== Segment start ==

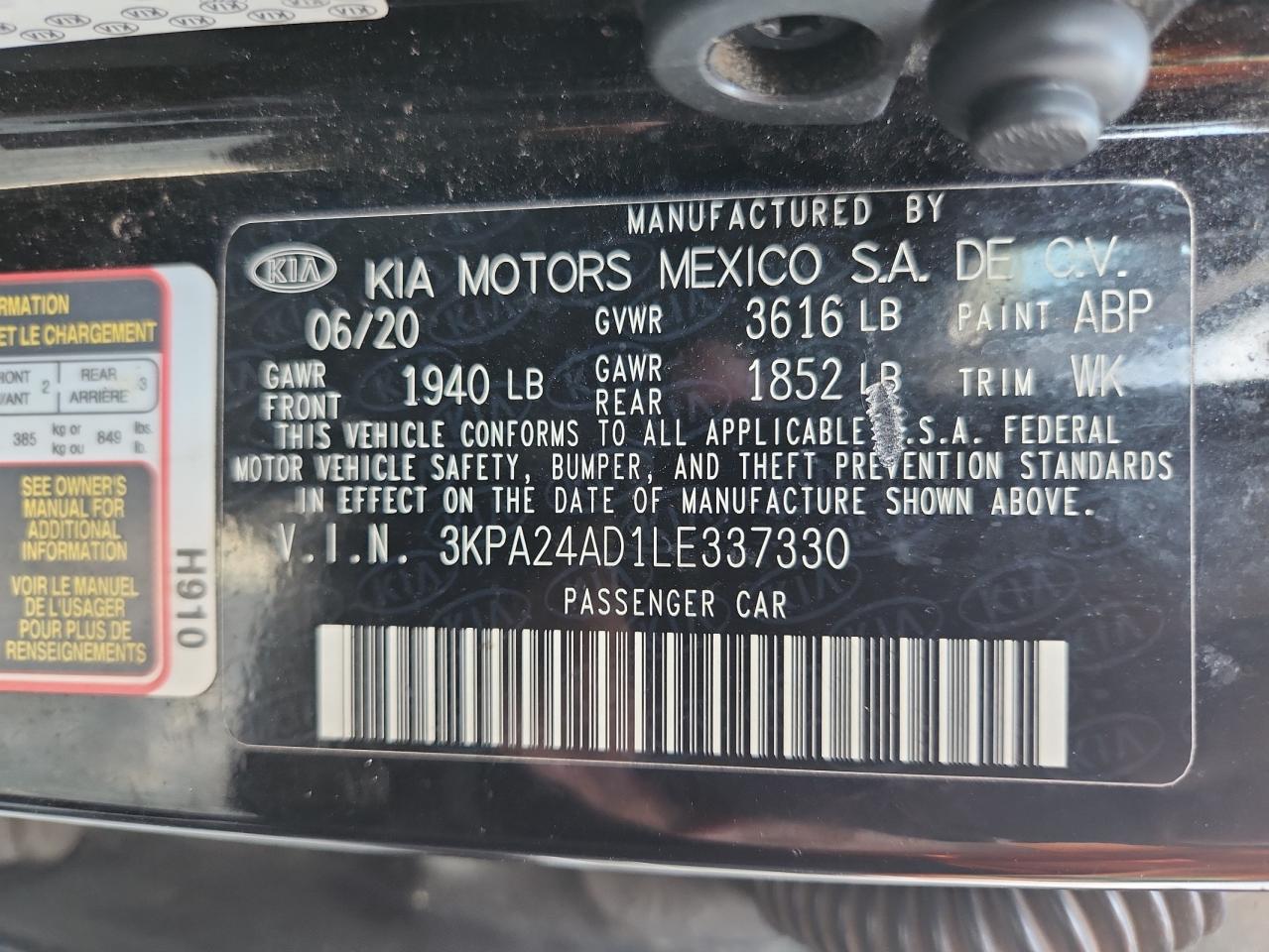 2020 KIA RIO LX из США
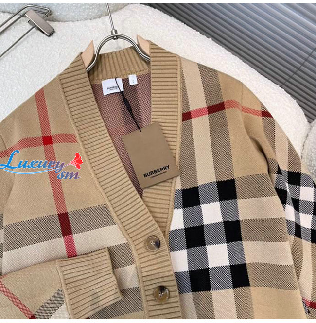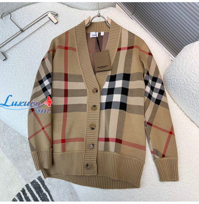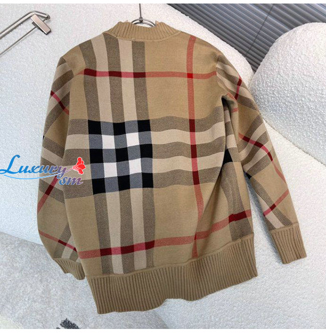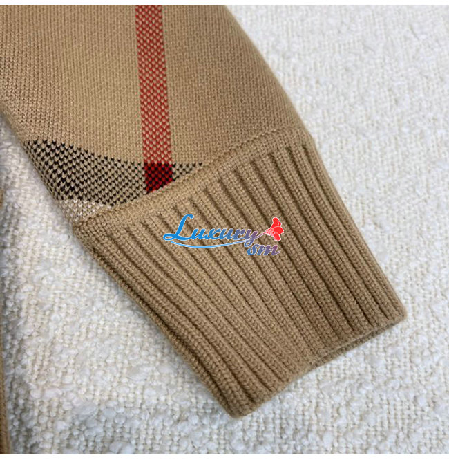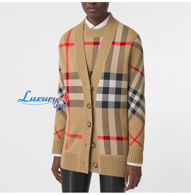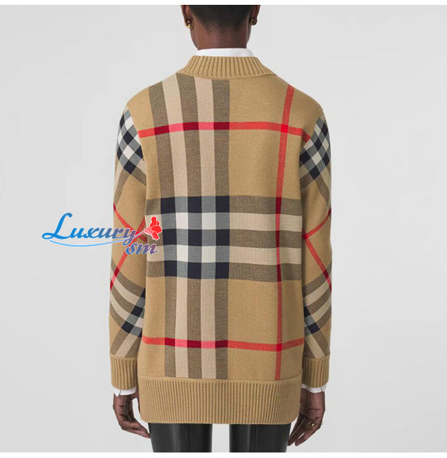 BURBERRY-80391531 버버리 베이지 체크 테크니컬 울 자카드 카디건 남여공용
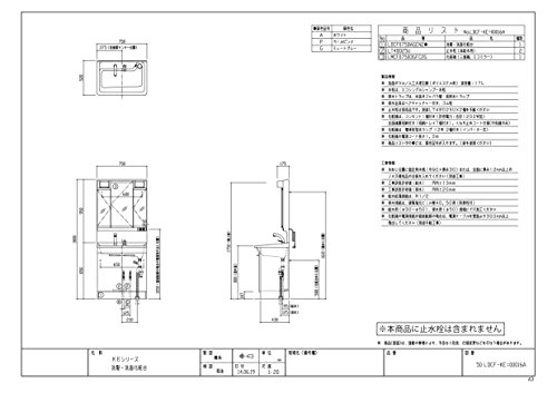 - 鏡:3面鏡(LMCF075B3GFC2G),台:2枚扉(LDCF075BAGES2A)の2点セット。寒冷地向け(水抜き機能あり)。
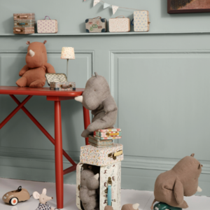 De klassieke Maileg metalen koffer in een nieuwe mooie print. Fantastisch voor elke gelegenheid; kleine geschenken, cadeaubonnen, opbergen van kleine spullen of voor klein zacht speelgoed.
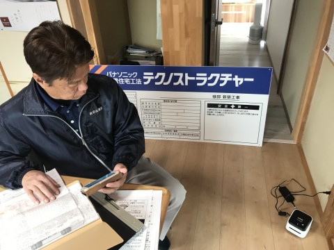 建築現場の看板に書き込む労災保険関係成立票・建設業許可・確認済などをラベルプリンターでつくっています。
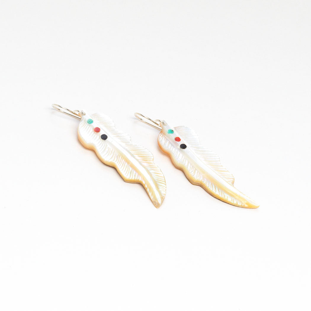 For many Indigenous cultures, feathers represent an interconnectedness with nature and hold spiritual significance. They also are a symbol of unity and a gift from the sky. Cheryl Beyuka's carved iridescent gold lip shell feather earrings embody this reverence. Detailed with quill, shaft and barb features, the lightweight earrings are also inlaid with colorful coral, sky blue turquoise and bold jet. Including the lovely handmade sterling silver hooks, measurements are a gorgeous 2 1/4" long and 5/8" wide. Signed by the artist.
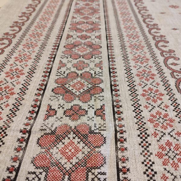 Узор расположен с 2ух сторон ткани, по каймам (слева и справа). И идет бесконечно в длину рулона. Размер узора с одной стороны 41см + серединка 68см + размер узора с другой стороны 41см . Итого ширина ткани 150см
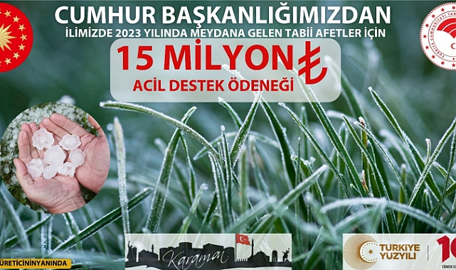 2023 yılı üretim sezonu içerisinde Karaman il merkez ve ilçelerinde meydana gelen tabi afetler nedeniyle bitkisel üretimleri ile canlı hayvan varlıkları zarar gören ve Karaman İl Tarım ve Orman Müdürlüğü ve İlçe Müdürlükleri Teknik personelleri tarafından tespitleri yapılan üreticilerimiz için Cumhurbaşkanlığı İdari İşler Başkanlığı tarafından İlimize 15 Milyon TL Acil Destek Ödeneği gönderilmiştir. Söz konusu ödenek ile afetlerden zarar gören üreticilerimize tarımsal girdi desteği verilecektir.
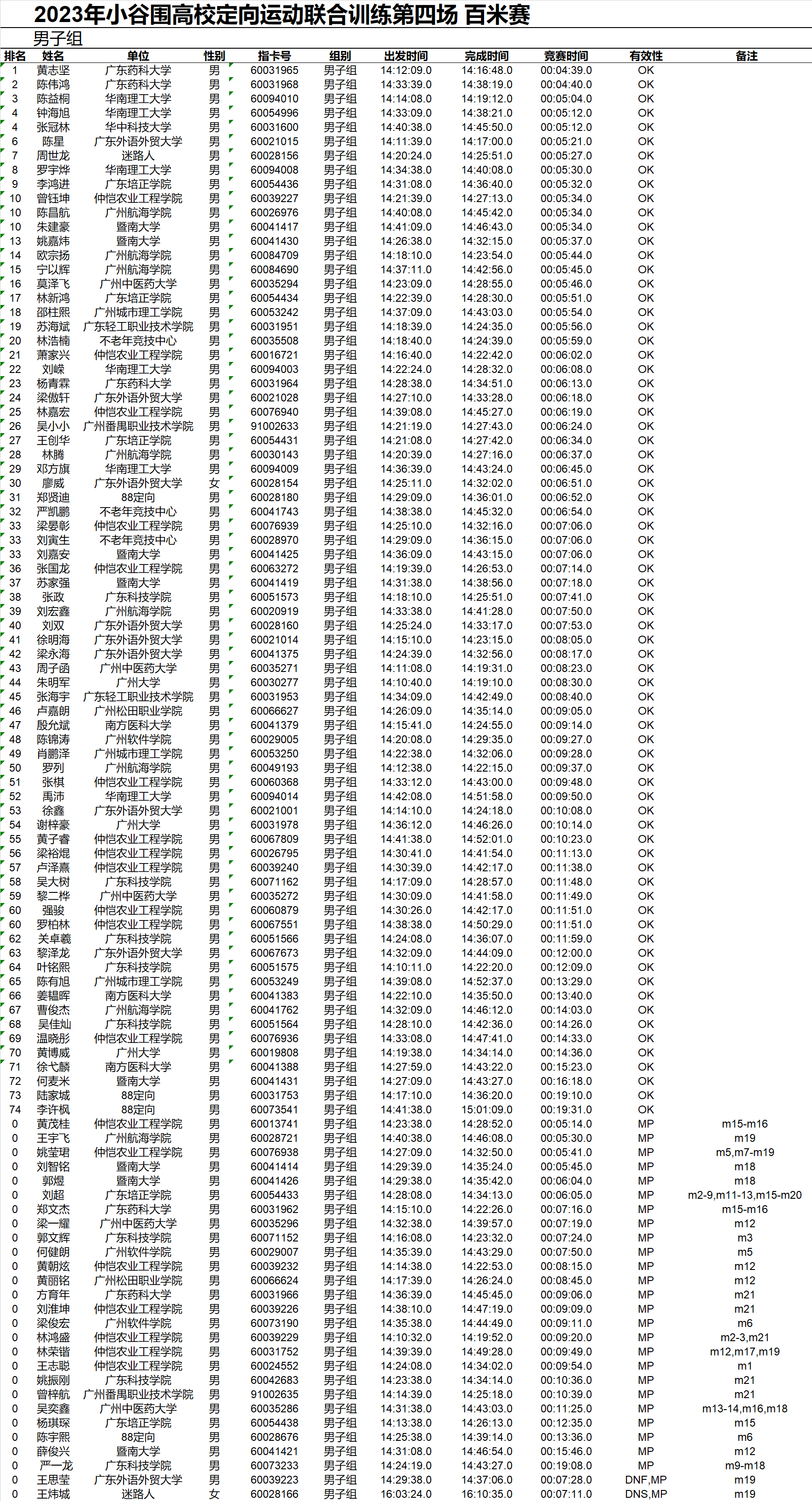 备注栏会注明该运动员的MP情况。

== Segment end ==

What you have to do:
Now transcribe the lines above exactly, starting at the line containing "BURBERRY-80391531 버버리 베이지" and ending at the line containing "建築現場の看板に書き込む労災", both lines included, pictures excluded.

Final answer:
 BURBERRY-80391531 버버리 베이지 체크 테크니컬 울 자카드 카디건 남여공용
 - 鏡:3面鏡(LMCF075B3GFC2G),台:2枚扉(LDCF075BAGES2A)の2点セット。寒冷地向け(水抜き機能あり)。
 De klassieke Maileg metalen koffer in een nieuwe mooie print. Fantastisch voor elke gelegenheid; kleine geschenken, cadeaubonnen, opbergen van kleine spullen of voor klein zacht speelgoed.
 建築現場の看板に書き込む労災保険関係成立票・建設業許可・確認済などをラベルプリンターでつくっています。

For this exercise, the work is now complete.